Mismatch between the code and mathematical properties of the functions

duboism commented 10 years ago

Fouad and I have found some difficulties to implement new estimators with parsimony. It's not impossible (therefore we can still aim at releasing 1.0) but some parts are a bit hard to grasp and there is some mismatch between the mathematics and the implementation.

For instance with ExcessiveGapMethod the function must implement the StronglyConvex interface and therefore the parameter method (which returns the strong convexity constant). The problem is that from a mathematical point of view only the smooth part is strongly convex. Therefore, most implementations (for instance RR_SmoothedL1TV in functions.combinedfunctions) simply return g.parameter() (where g is the smooth part). Similar issues may happen with the gradient or other properties.

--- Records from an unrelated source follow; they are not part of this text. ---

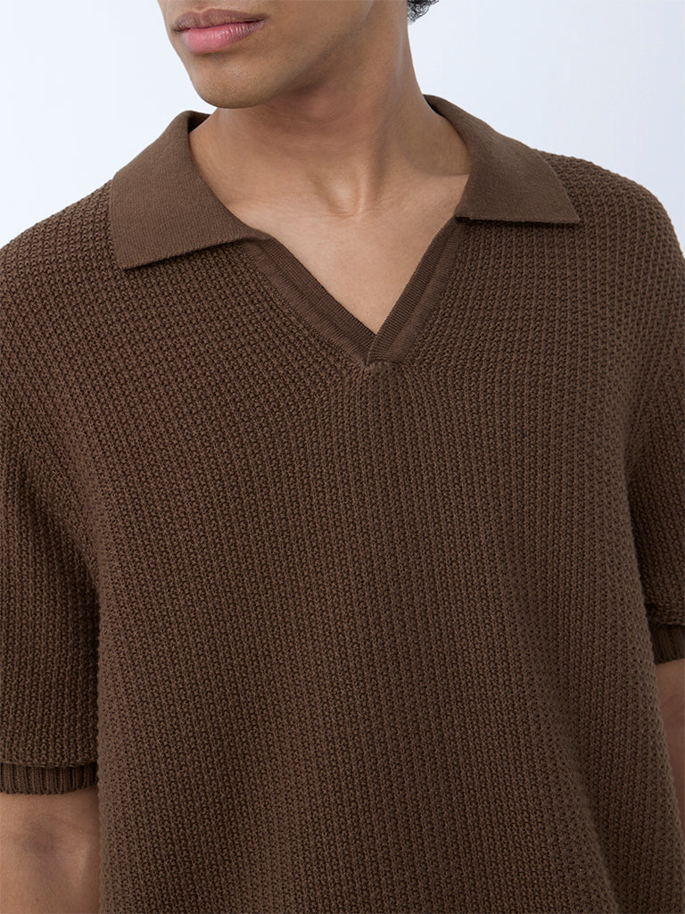 ETA Brown Knit-Textured Relaxed-Fit Polo T-Shirt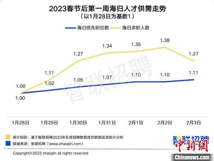 数据显示,当前国内企业对海外人才的需求快速释放,对海归人才的需求呈上升趋势。2023年春节后首周,海归优先的职位数和在国内求职的海归人数均呈上扬态势,2月3日的海归优先职位数比1月28日增长11%,海归求职人数增长27%。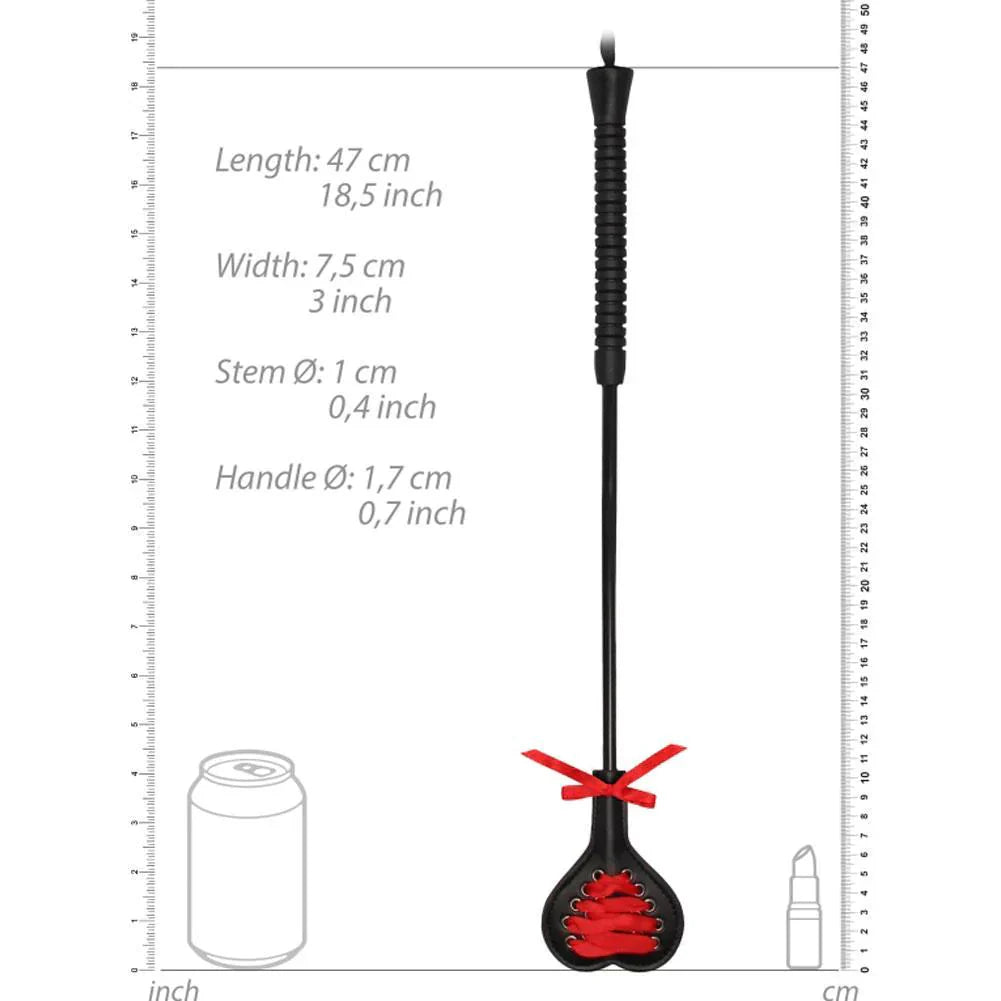 This long handled heart shaped crop with black lace is the perfect way to discipline your partner.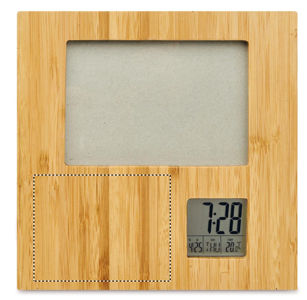 Bilderrahmen mit Tischuhr. Die Uhr zeigt Zeit, Datum und Temperatur an. Mit Alarmfunktion und Countdown-Timer. Exkl. 2 AAA-Batterien. Bambus ist ein natürliches Produkt, es kann daher zu leichten Abweichungen in Farbe, Dekor und Maßen kommen.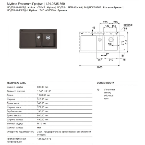Кухонная мойка Fraceram Franke Mythos MTK 651-100 графит 124.0335.869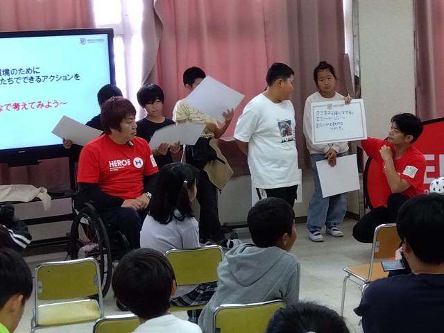 HEROsとは、アスリートの社会貢献団体です。今日は、シドニーパラリンピック車いすバスケットボール日本代表キャプテン根木慎志さんとフィギュアスケートの小塚選手に来ていただいて、プラスチックを中心に環境問題について考えました。最後に環境を守るために何ができるのかをグループで考えました。5年生で希望者は、根木さんといっしょにまつばらマルシェでゴミステーションボランティアに取り組みます。

After discussion with Fouad and Édouard we think it's a bit confusing. The problem is linked with the fact that algorithms expected only one function which then must encapsulate every information. Therefore we wanted to discuss about this (this could cause a lot of changes therefore we should discuss this carefully). We noticed that:

most problems we are interested in are of the form objective = smooth part + non-smooth part (some like CONESTA could need more)
most algorithms really need to access those 2 functions

What do you think of that?

I have some ideas to improve the situation that I can describe in comments but we should probably first agree on the issue.

tomlof commented 10 years ago

Could you specify why this is a problem for you in your current work, when you want to add another estimator?

The possible issue with this design that I see is: What happens if some algorithm in the future requires e.g. gradients from two parts. If f = g + h, and the algorithm needs to access both g.grad and h.grad, how should we access those from within the algorithm?

Note that this problem is reduced somewhat if you use the CombinedFunction, since it separates smooth functions and penalties from non-smooth (proximal operators) and constraints (through projections [though, not yet working properly]).

Currently, the idea is to let the (combined) function make the separation between smooth and non-smooth parts (or whatever parts there are), the algorithm should just ask for whatever it needs and the functions provide the "correct" result.

I think the reason for this was to have a unified API for the algorithms as algorithm(function, start_vector). In early versions of the library, some algorithms (e.g. ISTA and FISTA) had the signature algorithm(smooth_function, non-smooth_function, start_vector), but there were problems with that design in terms of polymorphism.

Aaah, I just remembered, the reason this was not working was when we needed to combine properties of two functions. The algorithms became too complex, and unnecessary "cleverness" had to be introduced inside all algorithms. The combined functions (e.g. the combination of LR + L1 + L2 + TV in combinedfunctions.py) was the solution to that problem.

Thus, we have already discussed this and concluded that we needed to create the combined functions ;-) However, it would be great if we could iterate this discussion again, maybe we can think of a better solution!

vguillemot commented 10 years ago

I think I am remembering a discussion about this difference between the Excessive Gap Method and CONESTA/FISTA/ISTA : it has something to do with the fact that both the A matrix and the dual vector for the Excessive Gap method combine the A matrices and dual vectors of the non smooth penalties (e.g. L1 + TV) that is not at all straightforward.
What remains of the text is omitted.